Now that modern connected consumers are within arm’s reach of virtually any information they desire, companies have started the process of digital transformation.

They are making digital central to their business, not only to simplify and reduce the cost of fulfilling basic customer needs but also to deliver new digital services that provide the convenience, choice and control consumers increasingly expect.

While each company is transitioning at its own pace and in the most relevant way for their business and industry sector, they all agree that it’s complicated, particularly for older, more traditional companies.

On the one hand, companies recognise the importance of digital transformation. More than 90 percent of business execs believe that digital technology will seriously disrupt their business over the coming year, and nearly three-quarters are taking action with a digital strategy, according to a new Forrester study.

On the other hand, companies don’t feel equipped to deal with it. Only a third of execs believe that their approach to digital is correct, and just 16 percent feel they have the skills and capabilities to execute it.

So how can companies close this glaring gap between digital as a new imperative and their readiness?

According to Forrester, digital can’t be just a mobile app or a bolt-on to legacy models like teens painting go-fast stripes onto their cars. It must be embedded across every aspect of your business to both satisfy customers and drive the agility and operational efficiency you need to stay competitive.

You need to think of your company as part of a dynamic ecosystem of value that connects digital resources inside and outside the company to create value for customers.

So what exactly is a digital business? Gartner describes it as the creation of new business designs by blurring the boundaries between the physical and digital worlds.

It’s important because it changes the rules for how you design a business. With the growth of the internet of everything, we now have things connecting with people and businesses through the internet, as well as directly with each other.

With at least 36 billion devices communicating and transacting by 2020, the rules for competing and building business will change, creating new revenue opportunities and new challenges for CIOs and senior management.

It’s going to change the way you operate and change the value you deliver to your customers. You are going to have access to information and capabilities that will allow you to serve them in new ways and in ways they didn’t even expect.

A business that does not consider how to pull all of this together is putting itself at risk.

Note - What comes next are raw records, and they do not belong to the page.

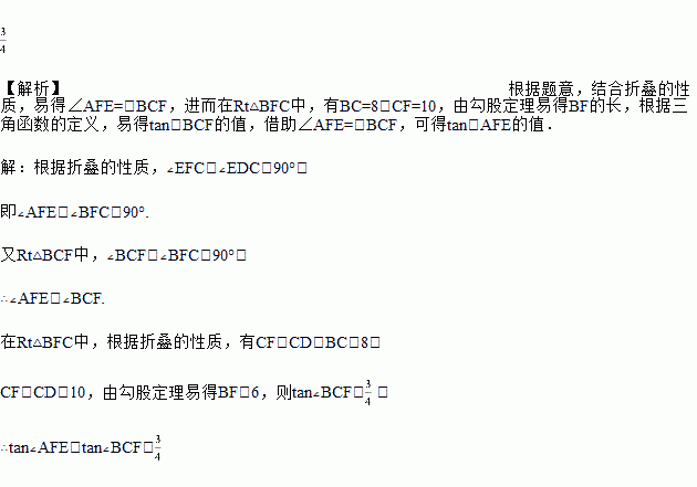 如图,矩形ABCD中,AB=10,BC=8,E为AD边上一点,沿CE将△CDE对折,使点D正好落在AB边上F处,求tan∠AFE.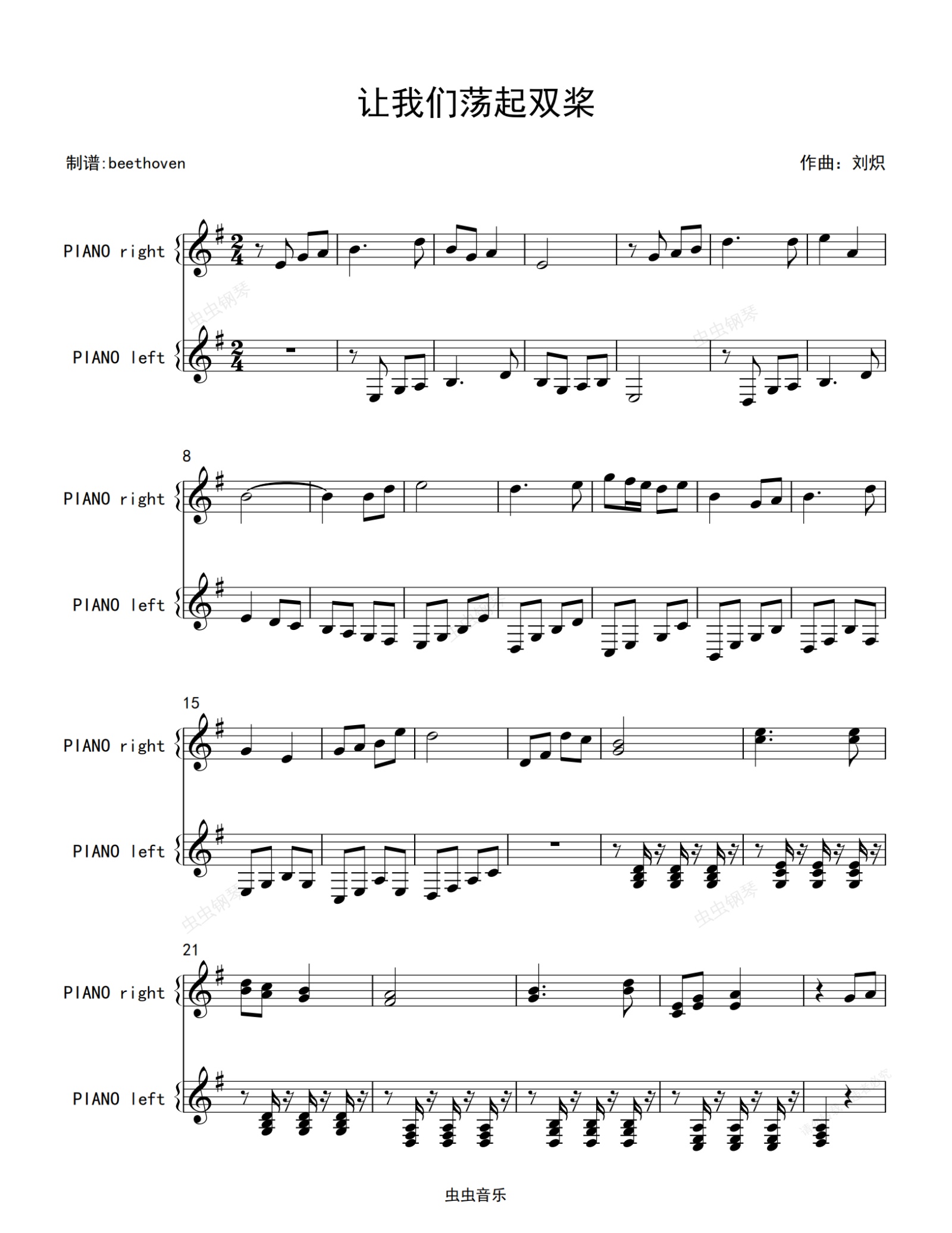 钢琴谱:让我们荡起双桨(钢琴独奏完整版)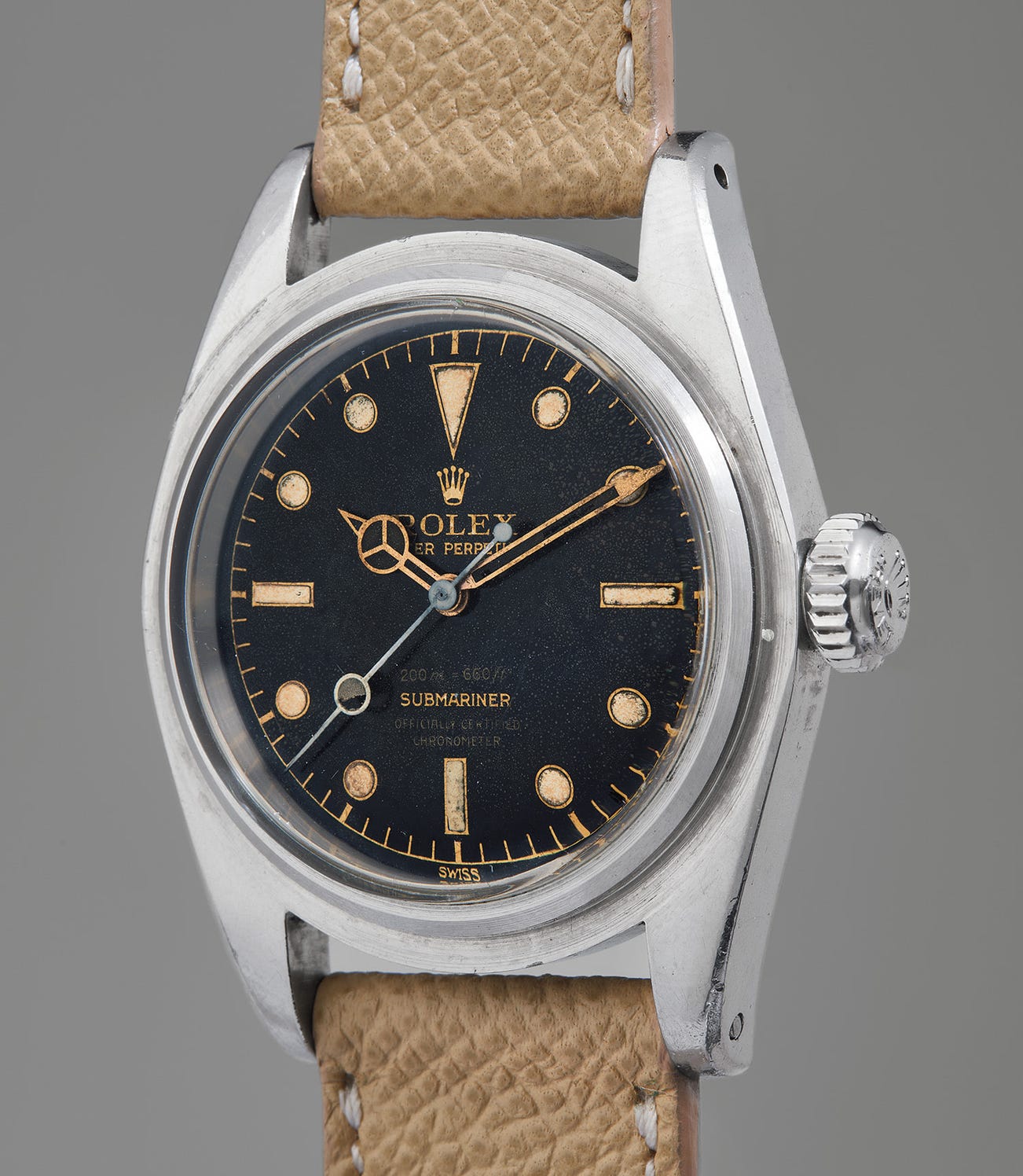 First launched in 1955, reference 6538 is incredibly desirable today due to its rarity, robust proportions, and good looks. The model was in production for four short year, and is characterized by its black lacquer “Swiss”- signed dial, lack of crown guards and 8 millimeter crown, hence its name “Big Crown Submariner”. Reference 6538 is forever immortalized onscreen, having accompanied Sean Connery’s James Bond on multiple secret missions. Bond’s chosen watch was a “Big Crown” Submariner on the films Dr. No, From Russia with Love, and Goldfinger. Consequently, reference 6538 is today also known as the “James Bond Submariner” to Rolex collectors and scholars. Furthermore, the reference 6538 was the first Submariner to be chronometer certified; hence, its coveted “four-liner” dial reflecting the designation. This example, manufactured in the third quarter of 1957, is presented “as found”, without its bezel, and in incredible condition considering its story.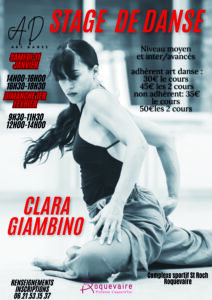 L’association Art Danse vous propose un stage de danse contemporaine avec la danseuse et chorégraphe Clara Giambino qui s’adresse aux danseurs de niveau moyen et inter/avancés.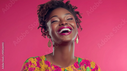 Radosna afroamerykańska kobieta w kolorowych różowych ubraniach śmieje się z pełną radością, zarażając optymizmem wszystkich wokół.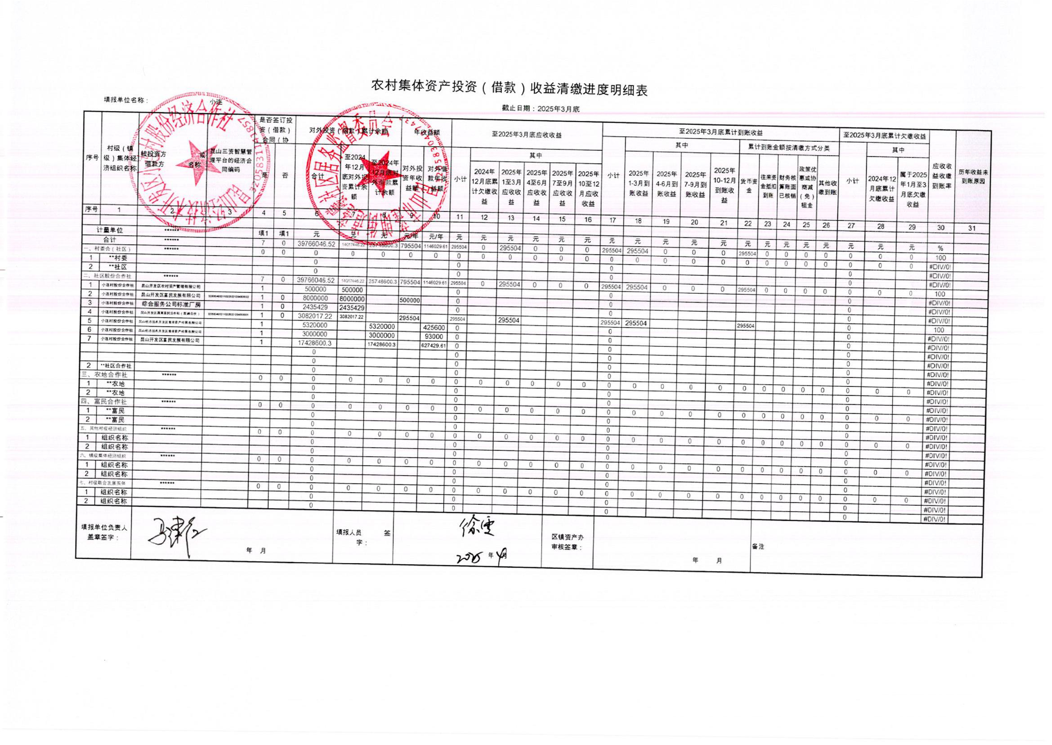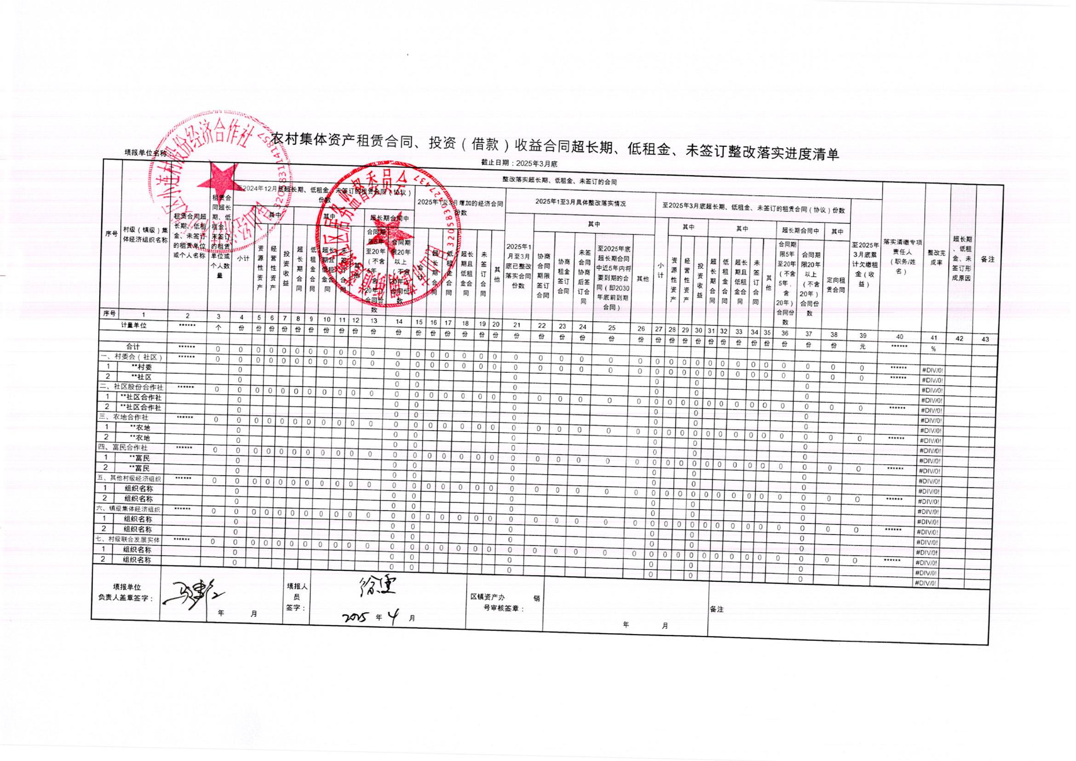 2025年1季度農村集體資產經濟合同收繳進度調查表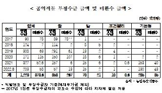 농업직불금은 2020년 5월 공익형직불금제로 개편됐는데 개편된 해인 2020년에 56건이었던 부정수급 건수는 지난해 3배나 급증한 168건, 3억 2700만원에 달했으며 미환수 금액은 5260만원이었다.
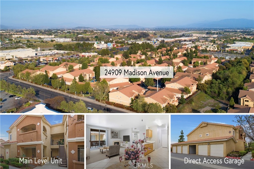 Murrieta’s Must-See Condo! The perfect unit – The Perfect Community – The Perfect Location! Welcome to Madison Park… A Private Gated Community in the Heart of Murrieta! Main Level Single-Story Unit. Direct Access Single-Car Garage. Large Covered Patio. Open Floor Plan. Low HOA Fees. Extremely Well-Maintained and Move-in Ready! This spacious One Bedroom / One Bath Condo is the PERFECT starter home, downsizing home, or investment property. You will truly appreciate the attached single-car garage that offers direct access to the unit’s interior living space. The main entry to this unit is located at ground level with ramped sidewalk access and one short step up onto the entry porch. This benefits those who might need accessibility to their home. As you enter the unit, you are welcomed to an open floorplan between the kitchen, dining, living room, and outdoor spaces. The living room features a cozy gas fireplace and direct access to the spacious covered outdoor patio. Adjacent to the living room is the dining space and massive walk-in pantry/storage room. Enjoy cooking and entertaining friends and family in the galley style kitchen that features a large peninsula, electric range, built-in microwave, and plenty of cabinet storage. On the opposite side of the kitchen is the dedicated laundry space and direct access to the garage. The large primary bedroom features a walk-in closet and direct access to the full bath with shower/tub combo. Additional unit features include central AC/Heat, ceiling fans, tile & carpet flooring, and freshly painted interior. This unit nestled at the back of the community on a private cul-de-sac style street. HOA amenities include gated access, swimming pool, spa, fitness gym, and clubhouse. Parking is allowed in the single car garage and one non-assigned open space. The Madison Park community is conveniently located within walking distance to endless shopping & dining. It also has quick access to the 15 freeway. This is a very clean and well-maintained community with affordable HOA fees. Enjoy endless summer activities and summer concerts at the Murrieta Town Square Park Amphitheater that is just 2 blocks from this unit!

Our clients are mapping out their transformation plans based on the availability of new technologies, customer changes and market conditions. They’re adopting new technologies like cloud, mobile, social and data to significantly shift their business models and processes.

By deploying new technologies that deliver quick-win, high-impact digital capabilities you can find new ways of doing things and boost your business success.

That way you can speed up the execution of your digital strategy and rapidly close the gap.

By Ben Pennell, Propositions Manager, Mobile, Gen-i.